Many financial markets have fallen sharply in recent weeks. The collapse in cryptocurrencies has been even more dramatic. The fall was particularly sharp for stablecoins, crypto currencies designed to be pegged to the value of traditional currencies, often the U.S. dollar. One of the largest stablecoins, Terra, collapsed and lost all of its value.
In this paper, the authors study algorithmic stablecoins and provide a dynamic model that might help understand what’s going on with Terra.
What’s an algorithmic stablecoin?
Fundamentally the idea is simple: you maintain a peg by dynamically adjusting stablecoin supply to match the demand so that the price doesn’t change.
How is that possible? Creating more stablecoins to accommodate a positive demand shock is easy: you launch the printing press. The problem comes from removing stablecoins in buy-back operations because you need to give something in exchange.
Algorithmic platforms solve that problem by buying stablecoins today and selling claims to future stablecoin distribution called a “governance token.” This is the Luna token for Terra and equity shares in the real world.
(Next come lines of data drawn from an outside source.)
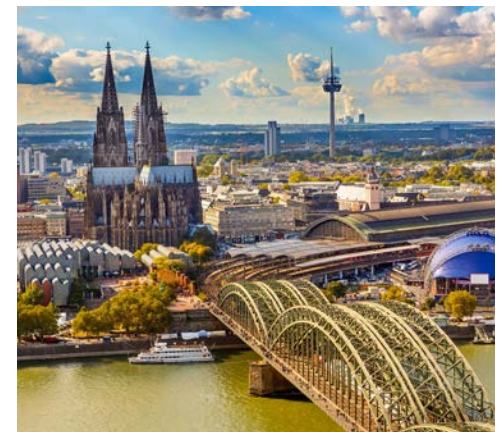
Köln am Rhein

Sie erreichen Köln am späten Nachmittag und haben noch etwas Zeit, sich umzusehen. Köln ist die älteste der größeren deutschen Städte, und wurde ebenfalls von den Römern gegründet. Sie erhielt ihre Stadtrechte bereits 50 Jahre nach Christus als Geschenk der römischen Kaiserin Agrippa. Später wurde Köln zu einem der wichtigsten Zentren des Heiligen Römischen Reiches. Wahrzeichen ist natürlich der Dom direkt neben dem Bahnhof und der Eisenbahnbrücke über den Rhein. Im Jahr 1248 wurde mit dem Bau des Doms begonnen und dieser wurde erst 1880 fertiggestellt. Das Abendessen erfolgt in eigener Regie in der Kölner Altstadt.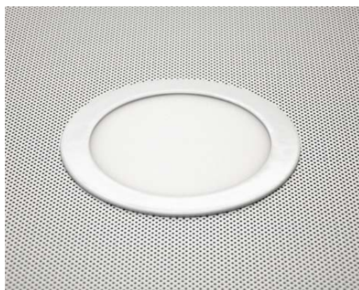
LED-Panel in Metallkassette LED-Panel in ceiling tile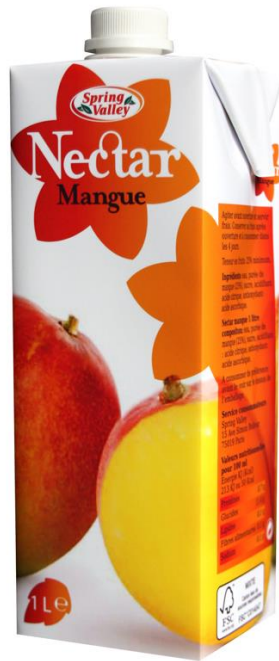
Nectar Manguue 3 516 130 001 161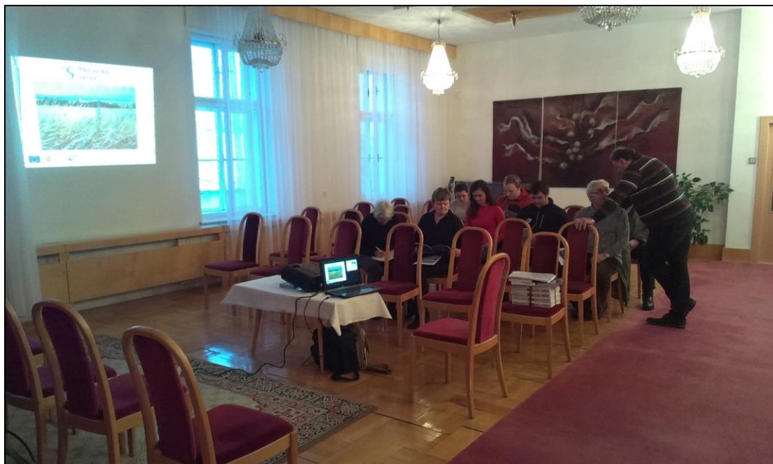
Obrázek 5 Veřejné projednání v obci Luká dne 13. 1. 2016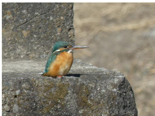
赤堀川のカワセミ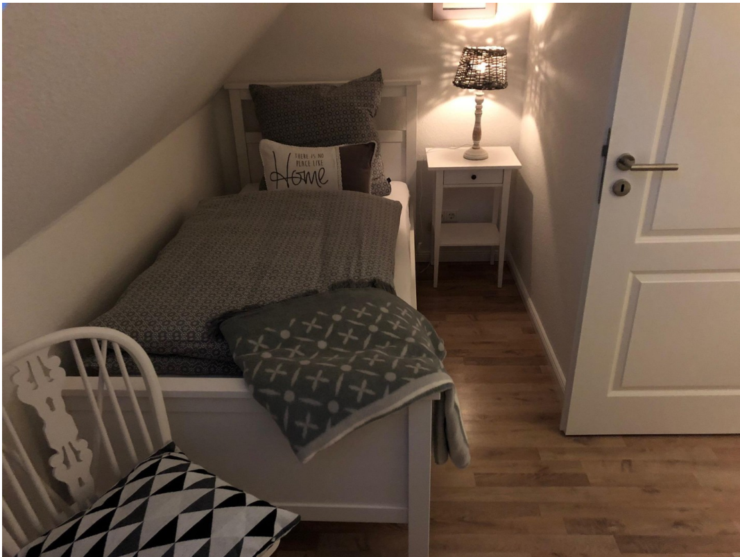
SZ mit zwei Einzelbetten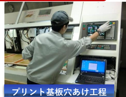
プリント基板穴あけ工程

In other words, to reduce the supply of stablecoins, you have to dilute your shareholders.
Pure algorithmic stablecoin will always have a zero-value equilibrium no matter what you do. The price of stablecoins depends on their user value and the ability of the platform to keep the peg, which itself depends on the price of stablecoins. Hence there always exists a fixed point with no stablecoin value.
This zero-value equilibrium is complemented by another one in which the platform maintains the peg and has a positive value, provided that the platform keeps growing and is able to commit to dynamic supply adjustments.
What’s the catch, and what happened to Terra?
First, this second equilibrium only exists when the demand for stablecoins keeps growing. You need to be able to create future coins to justify governance token valuation. That’s the Ponzi element that many are talking about.
Second, although this second stable-peg equilibrium is able to accommodate small demand shocks, it is vulnerable to large negative shocks. This arises when the shock is so large that the system has to remove more reserves than what all governance tokens are worth.
This could, for instance, be generated by a speculative attack on the platform driven by speculators shorting the stablecoin and betting on the platform breaking the buck.
This is likely what happened to Terra between May 9 and 11, as Luna's price fell from $89 per coin to less than a dollar, and today virtually zero. The platform became effectively bankrupt.
What happens then? The platform is unable to make necessary supply reductions as it has nothing to sell to buy back stablecoins. The price of the governance token is zero because buying at a positive value results in the platform expropriating you to reduce stablecoin supply.
Stablecoin price fluctuates between zero and one as investors are betting for demand to resume to a point where buying back stablecoins and restoring the peg becomes profitable. The alternative is that it gets absorbed by the zero-value equilibrium.